Within the library code, some prefixes are used to refer to functions or types. These are then replaced by the program during output.
Each integer is encoded little endian.
A string is encoded as a 4-byte length, followed by string data, including the null terminator. The length also counts the null byte. If length is zero, then the string is NULL.
A variable length array is encoded as a 4-byte number of elements, followed by each element.
Data is encoded in a depth-first fashion. If you have arrays, strings or variable sized arrays, data for these are encoded directly after the previous field's data.
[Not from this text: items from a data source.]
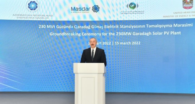 Birləşmiş Ərəb Əmirliklərinin "Masdar” şirkəti tərəfindən Azərbaycanda inşa ediləcək 230 MVt gücündə Qaradağ Günəş Elektrik Stansiyasının martın 15-də Gülüstan sarayında təməlqoyma mərasimi keçirilib.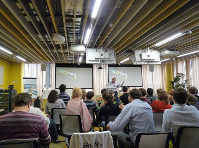 В минувшую субботу у группы «И-10» программы бизнес-образования «Менеджмент в сфере интернет-технологий» RMA состоялось выездное занятие в офис компании Google Russia. Там они получили уникальную возможность осмотреть рабочие пространства российского офиса крупнейшей мировой IT компании, доступ в которые редко открыт для гостей. После прогулки и неформальной беседы с топ-менеджрами компании Владимиром Долговым (генеральный директор Google Russia) и Алексеем Амилющенко (SoftLanding Project Manager), Владимир рассказал слушателям RMA о новые тенденциях в интернет-бизнесе, поделившись прогнозами индустрии на 10 лет вперед.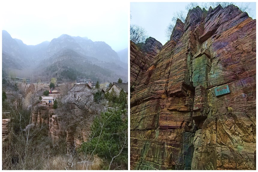五龍峽兩側(cè)是高入云端、峻峭的紅崖,谷底是碧綠的池水,一處“飛虹橋”橫在水面上,別有一番景致。進入谷底深處,前方一座直上直下的山峰“南天一注”屹立在谷底盡頭。大家沿著山體一側(cè)的“云梯”攀升,經(jīng)過“定海神針”、“小南海”、“系情谷”等景點,一直來到紅色娘子水庫大壩處,最終到達山頂平臺。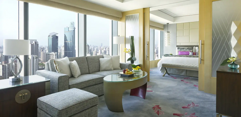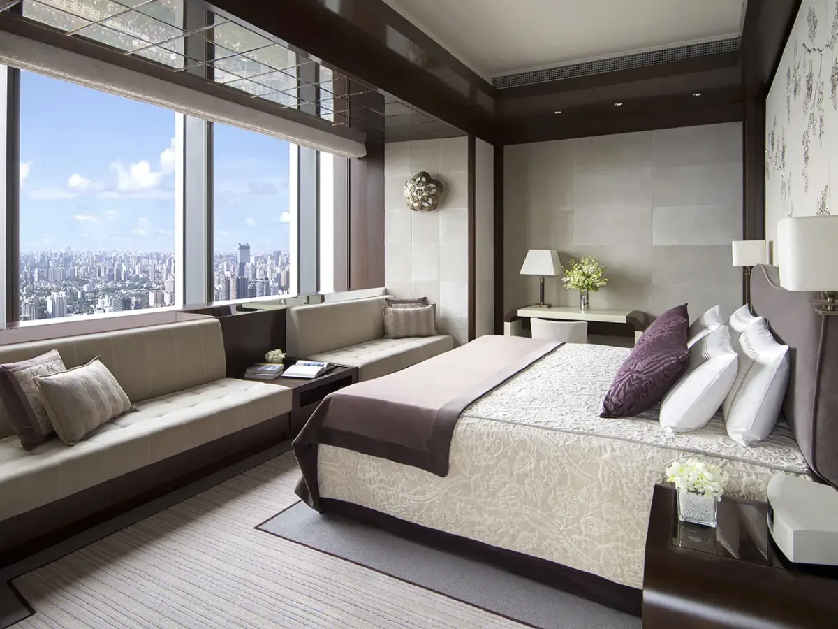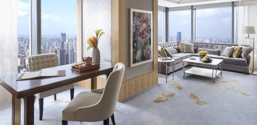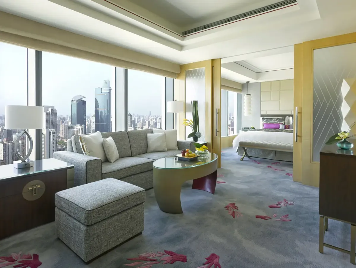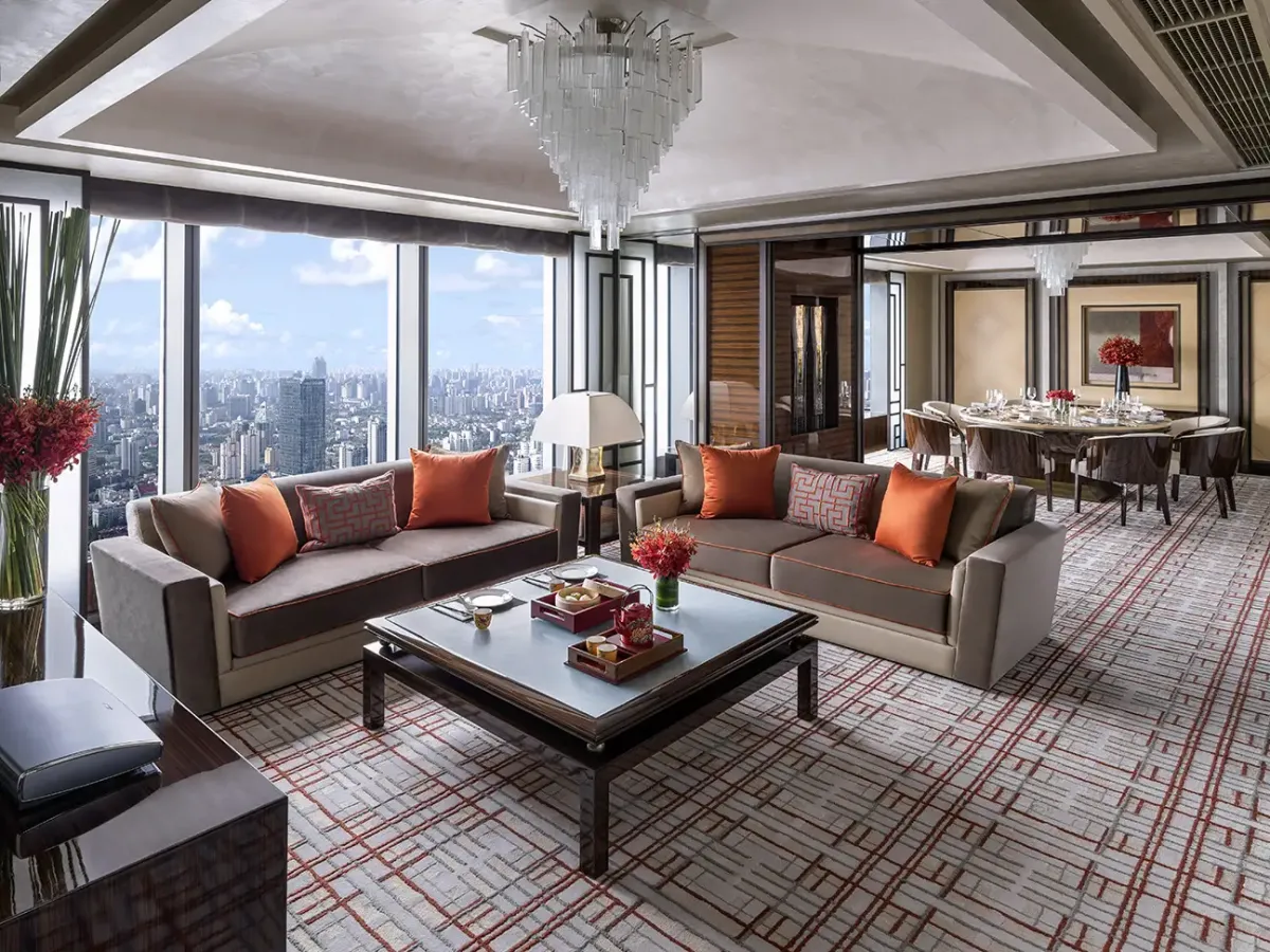 168 м2, двуспальная кровать размера «king-size», отдельная гостиная, обеденная зона, гардеробная, произведения искусства, клубные привилегии, окна от пола до потолка, панорамный вид на Пудун и ПусиShangri-La Suite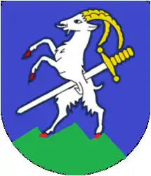 The blazon of the municipal coat of arms is Azure, a Ram rampant Argent horned Or and langued and hoofed Gules, pierced by a sword Argent hilted Or, on four mounts Vert.[4]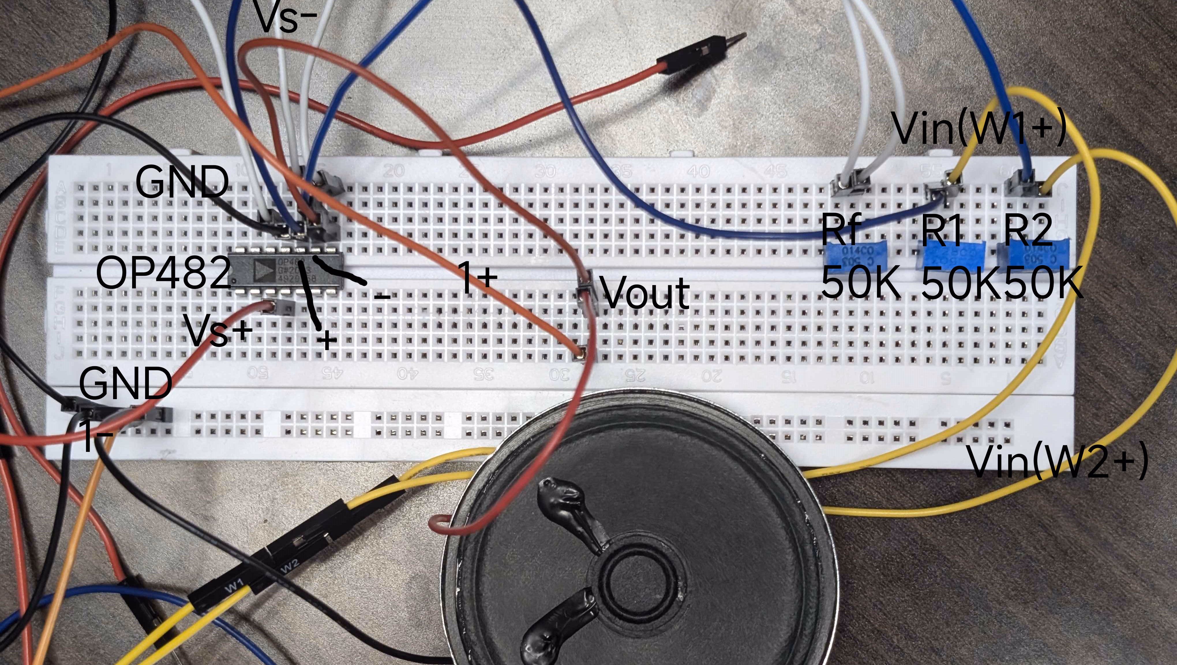 Vout=−R1Rf⋅V1−R2Rf⋅V2在我们的情况下,希望使用 50KΩ 的电位器作为电阻,以便根据需求进行调整。然后,我们得到: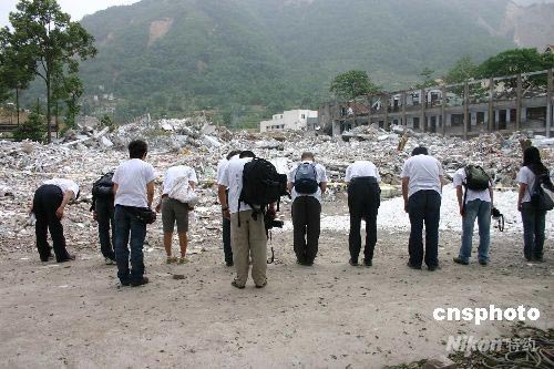 《中國新聞周刊》參與一線抗震救災報道的編輯記者,重返他們采訪過的北川中學,在廢墟前鞠躬向亡者默哀。中新社發(fā) 黃永莉 攝

End of the encoded buffer corresponds to the end of the top level object.
Although the generated library has no memory leaks, the same can't be said for the tool itself. It never frees any memory. Normally this is not an issue since this is a build tool and the input size is not likely to be huge. However, properly deallocating stuff sometimes exposes bugs that are not normally encountered by chance.
For example, if you have two things that are (supposed to be) copies of each other, deallocating one should not create a problem for deallocating the other. If you never deallocate, you won't find this bug easily. On the other hand, valgrind will happily tell you that a pointer is freed multiple times if you do the deallocations.
Error handling is not tested neither in the tool nor the library. It does work for simple cases, but I expect some bugs to emerge later.
In szFree and szDestroy, the table argument is redundant. These functions could easily use the all-versions table to locate the requested object definition. Also, these functions should really return an integer, indicating success(0)/failure(non-0). Failure happens when the library is unable to find the object definition.
Some checks are intentionally omitted. For instance, if you have an object which claims to have N elements in a variable sized array, the library doesn't check whether the corresponding pointer is NULL or not. It simply goes ahead with the encoding. If it ends up trying to read from a NULL address, the program will naturally die with a segfault. This is intentional because this inconsistency is a serious bug and allowing Encode to treat it as a regular error would make it harder to find the bug.